I almost didn't post this but haven't got anybody in RL that I want to share it with.... not really sure what I'm looking for here - just female advice and a hand hold really.
If you're totally against abortion - please don't attack. I feel awful enough sad

My partner and I have been together nearly 3 years - he has two children already.
We are in the process of trying to buy a house (live in a tiny place) and organise our wedding! We have lots of debts to pay off.
We were talking the other day about how great it'll be to get on our feet money wise, get married and then in the future, have a family of our own.

Then bam - I find myself 4 weeks pregnant. I've been taking the pill and am unsure how this has happened.

We've talked and talked - his honest wish is that we get ourselves sorted financially and wait til we feel ready (which we don't at the moment at all)
I do understand his wishes but the thought of abortion is difficult to stomach. He has however made it very clear that he would be by my side either way.

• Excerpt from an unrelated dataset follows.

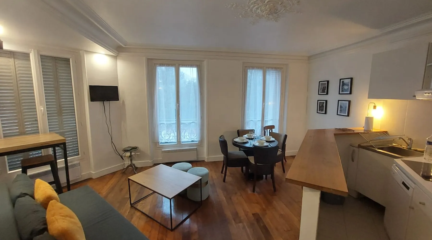 CHIC AND MODERN APARTMENT – PARIS 12TH ARRONDISSEMENT Stay in this stylish refurbished apartment, located rue de Charenton, in the heart of the 12th arrondissement. Spacious and bright, it has two bedrooms with double beds, living room with connected TV, fully equipped kitchen, and convenient laundry. Ideally located near the Gare de Lyon and shops, this apartment combines modern comfort and proximity to Parisian attractions. The space 100% COMFORT – YOUR PRIVILEGED SPACE: → A WARM AND FUNCTIONAL LIVING SPACE: The inviting lounge has a comfortable sofa, a smart TV for Netflix evenings, and a spacious dining table that seats up to 4. Ideal for relaxing or sharing a friendly meal. → FULLY EQUIPPED AND EQUIPPED KITCHEN: The modern kitchen is equipped with everything you need for cooking: hobs, fridge, microwave, dishwasher, coffee machine (capsules provided), as well as a full set of dishes and utensils. → 2 DOUBLE BEDROOMS FOR RESTORATIVE NIGHTS: Each room is equipped with a double bed with quality bedding, guaranteeing you peaceful nights of sleep. Convenient storage is available for an organized and clutter-free stay. → A FUNCTIONAL UTILITY ROOM: For your comfort, the apartment includes a laundry room equipped with a washing machine, a hanging rack and other useful amenities. → A MODERN BATHROOM: The bathroom is equipped with a spacious shower and stylish vanity. Towels and welcome products (soap, shampoo) are included for your convenience. 100% GOOD LOCATION – IN THE HEART OF LIVELY PARIS: → A GREAT LOCATION CLOSE TO AMENITIES: Located near the Gare de Lyon and public transport, this apartment gives you easy access to all the attractions of Paris. The neighborhood is lively and full of local restaurants, cafes, shops and markets. A CONVENIENT SETTING → TO DO EVERYTHING ON FOOT: Discover the charms of Paris nearby: stroll through the Bois de Vincennes, visit the Coulée Verte or explore the Bastille district, all just minutes away. 100% PREMIUM AMENITIES – FOR A PERFECT STAY: Fast ✔ Wifi to work or entertain Premium ✔ linens provided (sheets, towels) ✔ Essentials included (soap, shampoo, coffee capsules) Simplified ✔ check-in with flexible schedules upon request There is currently a problem with the television, this should be resolved soon. PRACTICAL INFORMATION: Apartment located on the 1st floor with elevator Check-in: from 3 p.m. (flexibility possible) Check-out: before 11am Thank you for respecting the premises: parties and noise prohibited Book now to enjoy a comfortable stay in this exceptional apartment in the heart of authentic and dynamic Paris! Guest access Guests will enjoy exclusive access to the entire apartment, including two comfortable bedrooms equipped with double beds and storage, a spacious living room with a connected TV and a friendly dining area, a fully equipped modern kitchen to prepare all your meals, a laundry room with a washing machine and hanging rack, as well as a stylish and functional bathroom. Located on the 1st floor with elevator, access is simple and convenient for everyone. Other things to note The apartment is located in a quiet building. Please respect the neighborhood by causing noise, especially in the evening. Parties and other events are not permitted. Professional cleaning is done before each arrival to ensure impeccable places. Household linens (sheets and towels) as well as basic necessities (soap, shampoo) are provided. Please let me know if you have any specific needs or special requests, I'll be happy to help you plan your stay. Registration Details 7511208404639
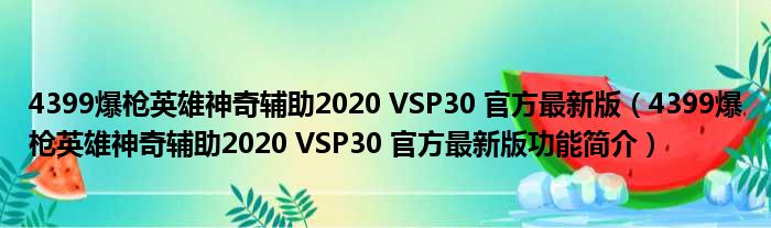 4399爆枪英雄神奇辅助2020 VSP30 官方最新版(4399爆枪英雄神奇辅助2020 VSP30 官方最新版功能简介)

One minute I've made my mind up, then I'm an emotional wreck the next and have no idea what to do.
I have an appointment next week to discuss with a doctor.

Can relationships survive termination? Would we come to regret it is what I worry about. Or if I keep it when we aren't ready, would it destroy us eventually as a couple.

I wish somebody could wave a magic wand right now sad

MollyHuaCha Sun 15-Jan-17 17:05:33

flowers Hand here. Babies don't always come along at the right time. At the moment, you are in shock, so before you do anything that can't be reversed, sit down and see whether this could actually work for you. And I f you decide to terminate, you would still have my hand to hold and 100% full support. But time is not on you side. So work through this together and decide what can work. Wishing you both strength to make your decision. x

pukkapickle Sun 15-Jan-17 17:11:47

Thank you Molly, really kind x

Slightlyperturbedowlagain Sun 15-Jan-17 17:19:05

Hand here. Hard choice, either way no one has a crystal ball sadly to tell you whether either a baby too soon or a termination will break you or build you as a couple. IME even long-wanted babies can feel like they have come at the 'wrong' time financially!
In this sort of situation I tend to sit and work out what I would do for either choice- if you keep them how could you arrange finances, practicalities etc? If not, how long would you expect to wait before trying again? Is it really that far off anyway? What are each of your pre-existing general feelings about termination (e.g. What would your gut reaction be if you heard close friends had terminated?)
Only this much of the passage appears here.